* Data section *
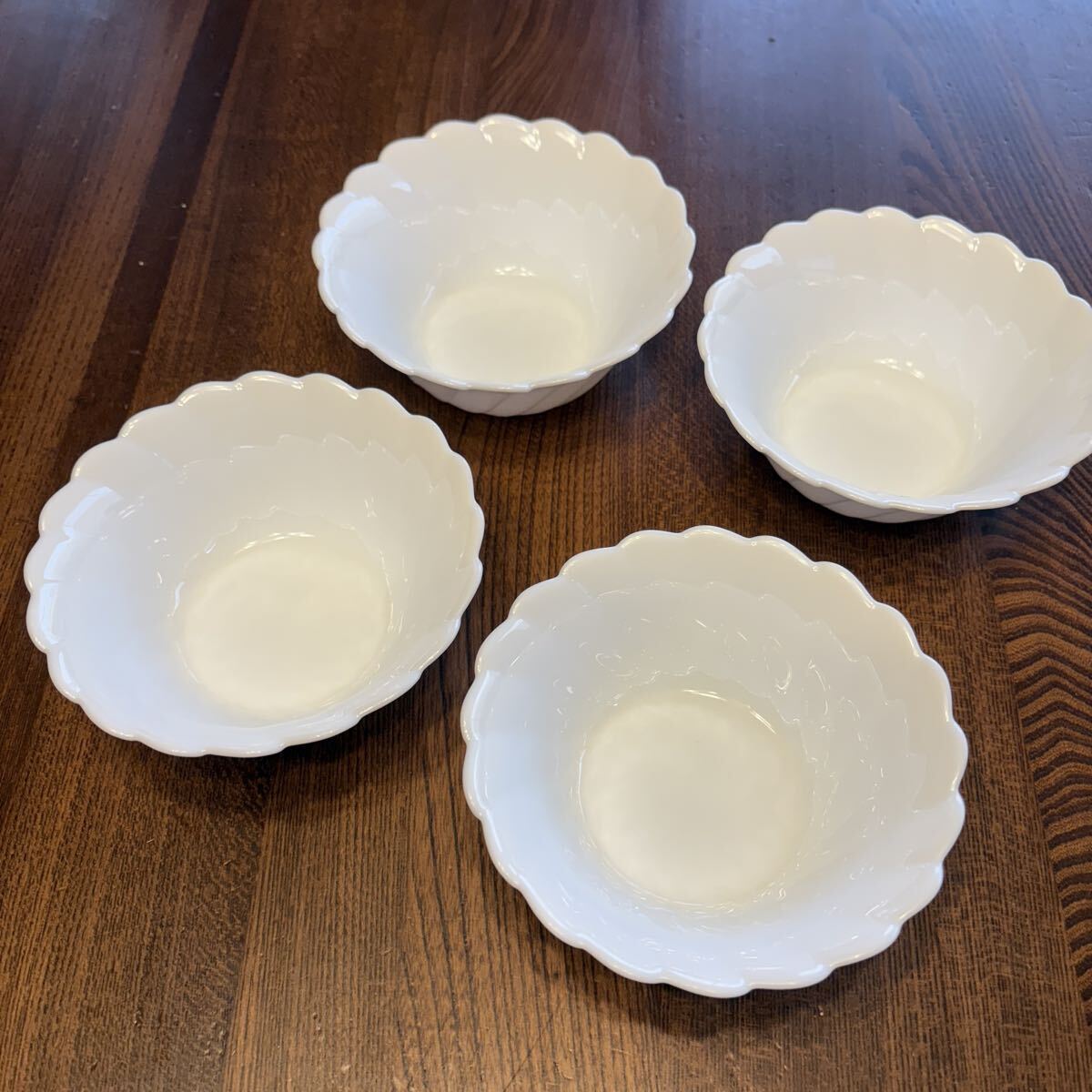 食器棚で長期保存。フランス製、arcopalの刻印があります。直径13cm、高さ4.5cm。4個組。
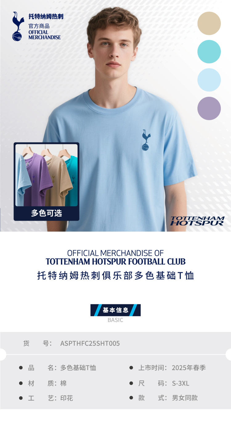 【官方正版】托特纳姆热刺俱乐部 | 夏季多色基础T恤百搭简约短袖舒适透气
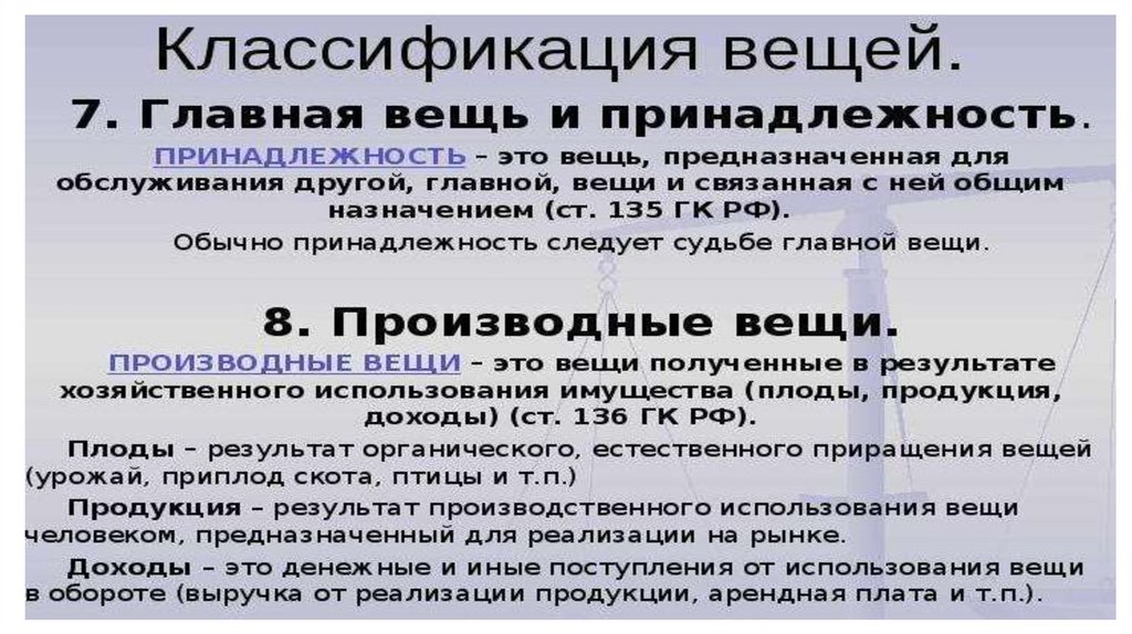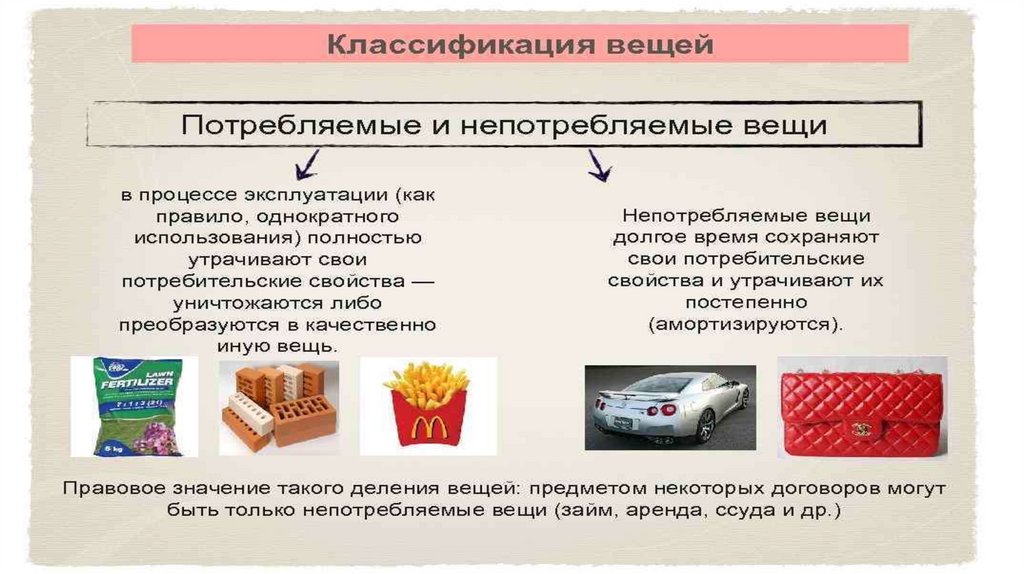 Вещи являются предметом материального мира – их можнофизически осязать. Все вещи обладают какой-либо ценностью.
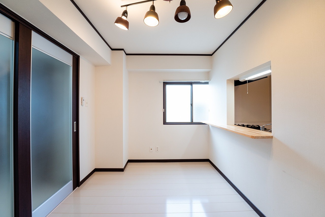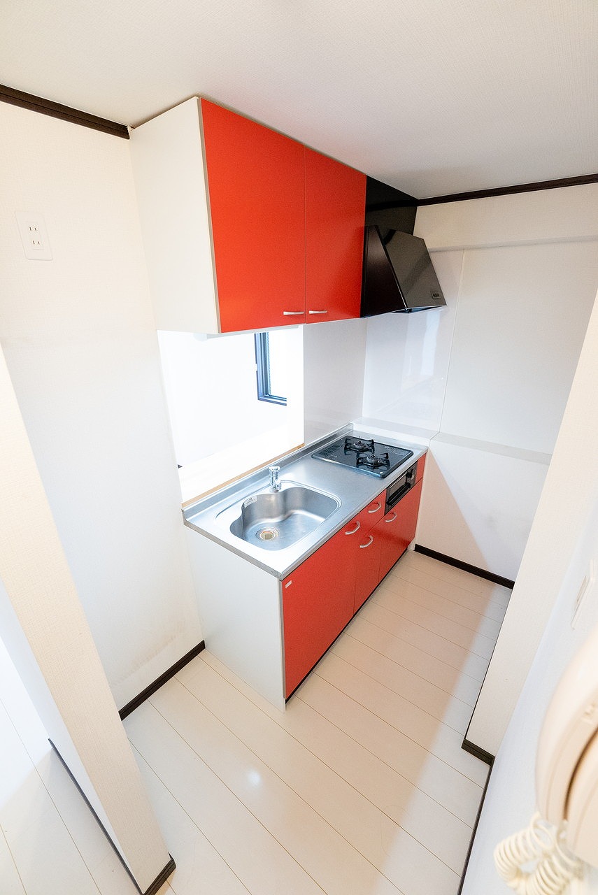 白を基調とした内装に、赤色のキッチンがよく映えます!

* What is required *
Would you transcribe all of the data exactly, omitting any pictures?

* Your solution *
 食器棚で長期保存。フランス製、arcopalの刻印があります。直径13cm、高さ4.5cm。4個組。
 【官方正版】托特纳姆热刺俱乐部 | 夏季多色基础T恤百搭简约短袖舒适透气
 Вещи являются предметом материального мира – их можнофизически осязать. Все вещи обладают какой-либо ценностью.
 白を基調とした内装に、赤色のキッチンがよく映えます!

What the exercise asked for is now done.